Now that we are ready, let's get all pages and dates on TensorFlow.

pages = getpages["tensorflow/tensorflow"];
dates = getstardates[pages];

I convert these dates into a list for DateListPlot. However, I need to consider that I can only get up to 40, 000(400*100) dates. That is, if the total number of stars exceeds 40, 000, I need to append the date of the last star and the total number of stars to the list. All the dates are unnecessary if it is only to show a history of stars, some samples are enough like star-history.
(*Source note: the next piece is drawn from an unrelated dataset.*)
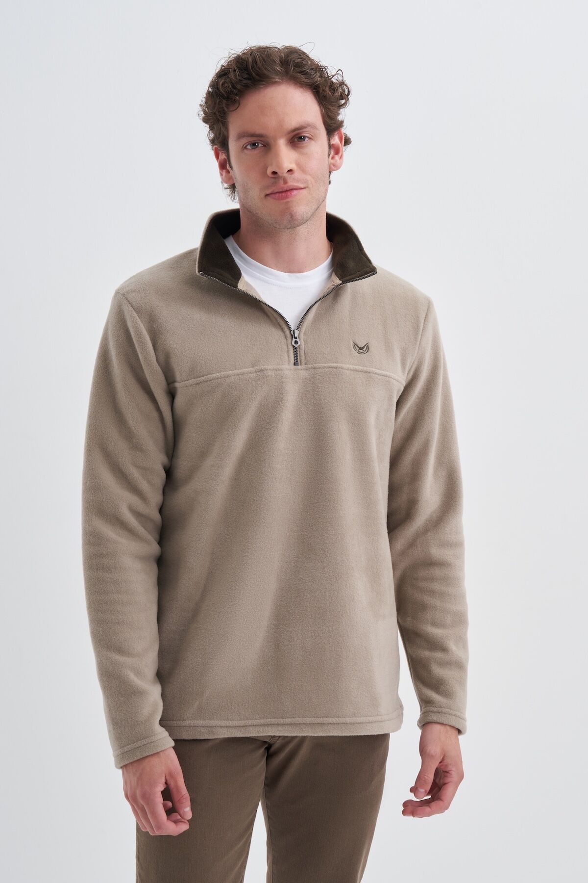 Cazador 24KCEEO05632 Bej Önü Fermuarlı Erkek Polar Sweat

However, I will use all the pages for another purpose later.

plotlist[r_String, dates_List] := 
 Module[{pageMax, total, lastdate, pl},
  pageMax = getpageMax[r];
  {lastdate, total} = gettotalstars[r];
  pl = Transpose[{dates, Range[Length[dates]]}];
  If[pageMax == 400 && dates[[-1]] != lastdate, 
   AppendTo[pl, {lastdate, total}], pl]

Let's show the history of stars of TensorFlow.

tfd = plotlist["tensorflow/tensorflow", dates]; 
DateListPlot[tfd, "Day", PlotRange -> All, 
 FrameLabel -> {None, "GitHub Stars"}, PlotTheme -> "Detailed"  ]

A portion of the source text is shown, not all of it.